Question

Given the following set of scores \[ X: 10,12,6,8,9,11,13,13,5,0,1 \] What is the value of \( \sum(X-\bar{X}) \) a. \( 4.54 \) b. 0 c. 206 d. 1

Answer 1

The sum of the deviations of each score from the mean
`(\( \bar{X} \))` in the given set is 206, indicating the overall dispersion of scores from the mean.

c. 206

Step-by-step explanation:

The given expression
`\( \sum(X-\bar{X}) \) represents the sum of the deviations of individual scores from the mean (\( \bar{X} \)).

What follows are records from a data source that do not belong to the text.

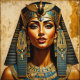 "The Legendary Cleopatra VII". This artistic stylized painting of Cleopatra VII brings out her distinctive facial features: a prominent nose, almond eyes, and a strong chin. Her braided hair, adorned with blue precious stone and gold, is topped with a golden diadem in the shape of a vulture which symbolised purity and motherhood, and also the eternal cycle of death and rebirth. The painting’s rich colour palette and intricate details capture her regal essence and intellectual charm.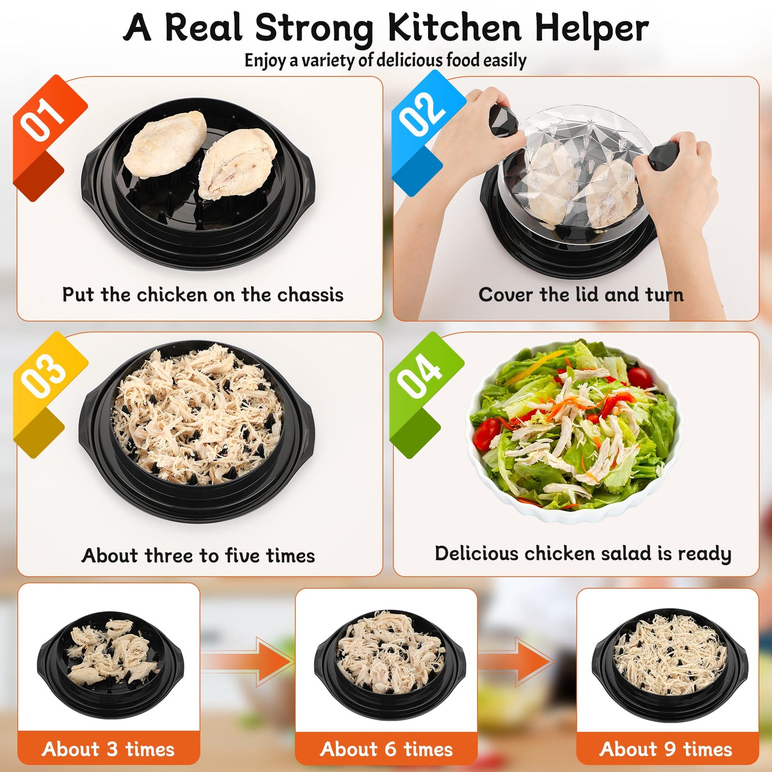 - 【Upgrade Chicken Shredder】This 10'' Pro meat and chicken shredder upgrade the inner shred structure and strong sharper spikes, more effective and saves time. This chicken shredder tool twist is applied with an ergonomic handle and an strong anti-slip rubber base for safe operation even in multiple times.The transparent design allows easy monitoring during shredding, ensuring you get your desired shredding results every time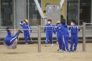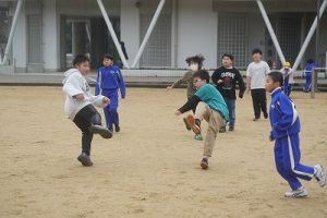 休み時間のグラウンドの様子です。誰が何をしているのか分からないくらい子供たちがたくさんいました。この元気を勉強にもきっと生かしていけることでしょう。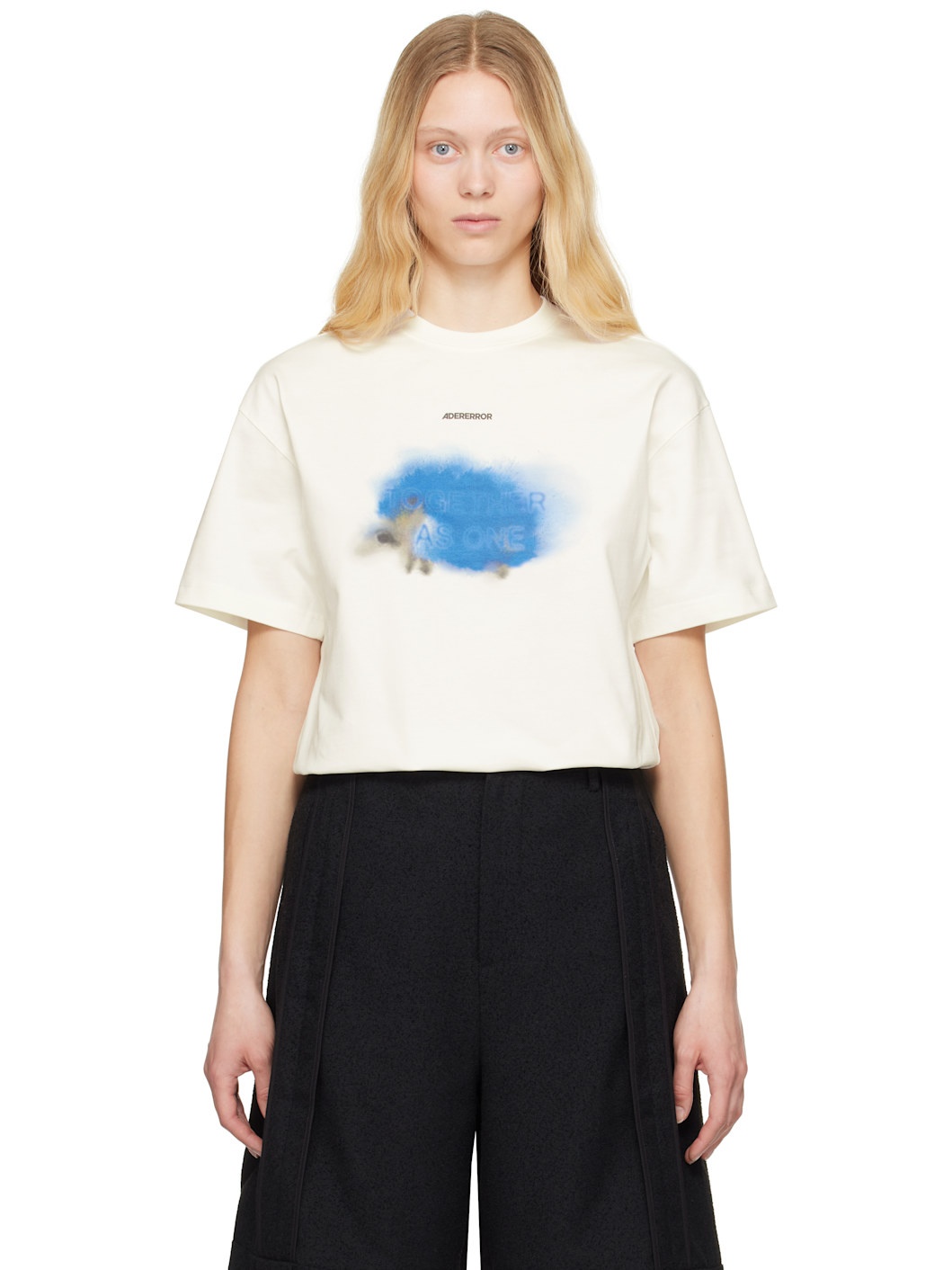 Cotton-blend jersey T-shirt. · Rib-knit crewneck · Logo graphic and text printed at front · Frayed flag with topstitching at back Supplier color: Off white Body: 73% cotton, 27% polyester. Trim: 96% cotton, 4% elastane. Made in South Korea 251039F110005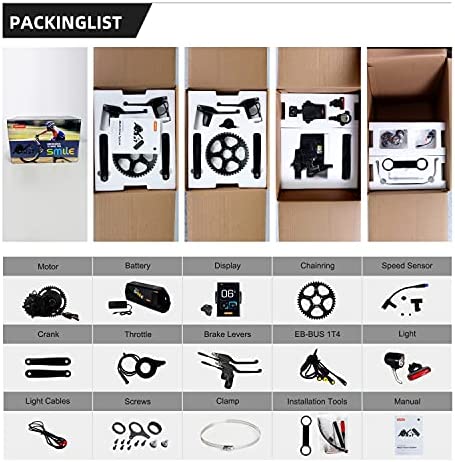 【Complete Accessories】 Equipped with all necessary accessories: Mid-drive motor M625 50.4V 1000W (The Newest Version68-73MM and 100MM), brake levers, thumb throttle, 46T chainring wheel, cranks, LCD DPC 181 CAN. display, blue tooth with USB, Separate speed sensor and magnets,1T4 wire, nuts, 50.4V battery, Free Gift ( Ebike headlight and taillight, clamps and Install accessory tools) and User Manual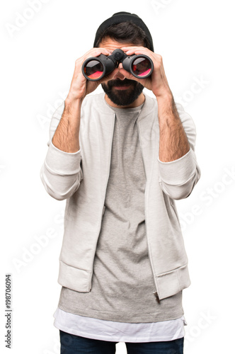 Hipster man with binoculars on white background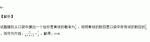 (2013年四川泸州4分)在一只不透明的口袋中放入红球6个,黑球2个,黄球n个,这些球除颜色不同外,其它无任何差别.搅匀后随机从中摸出一个恰好是黄球的概率为,则放入口袋中的黄球总数n= .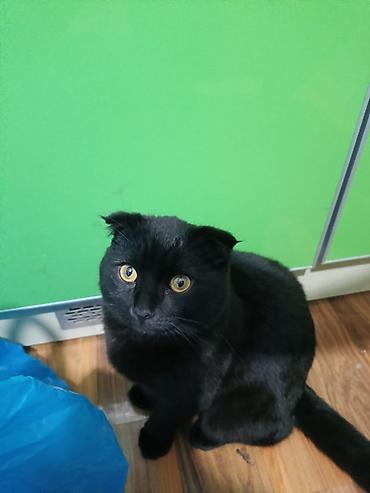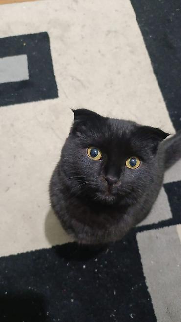 Шотландская кошка с короткой шерстью, окрас – чёрный (solid). Плотный, бархатистый мех с однородным цветом, выразительные золотистые глаза. Уши маленькие, плотно прижатые. Статный, мускулистый корп...

First, calculate the mean (\( \bar{X} \))`of the given set of scores, which is the sum of all scores divided by the number of scores:

`\[ \bar{X} = (10+12+6+8+9+11+13+13+5+0+1)/(11) = (88)/(11) = 8 \]`

Now, substitute the mean into the expression
`\( \sum(X-\bar{X}) \)`and simplify:

`\[ \sum(X-\bar{X}) = (10-8) + (12-8) + (6-8) + (8-8) + (9-8) + (11-8) + (13-8) + (13-8) + (5-8) + (0-8) + (1-8) \]\[ = 2 + 4 -2 + 0 + 1 + 3 + 5 + 5 -3 -8 -7 = 206 \]`

Therefore, the correct answer is option c, 206, as it represents the sum of the deviations of individual scores from the mean in the given set. This value gives an indication of the overall dispersion of the scores from the mean.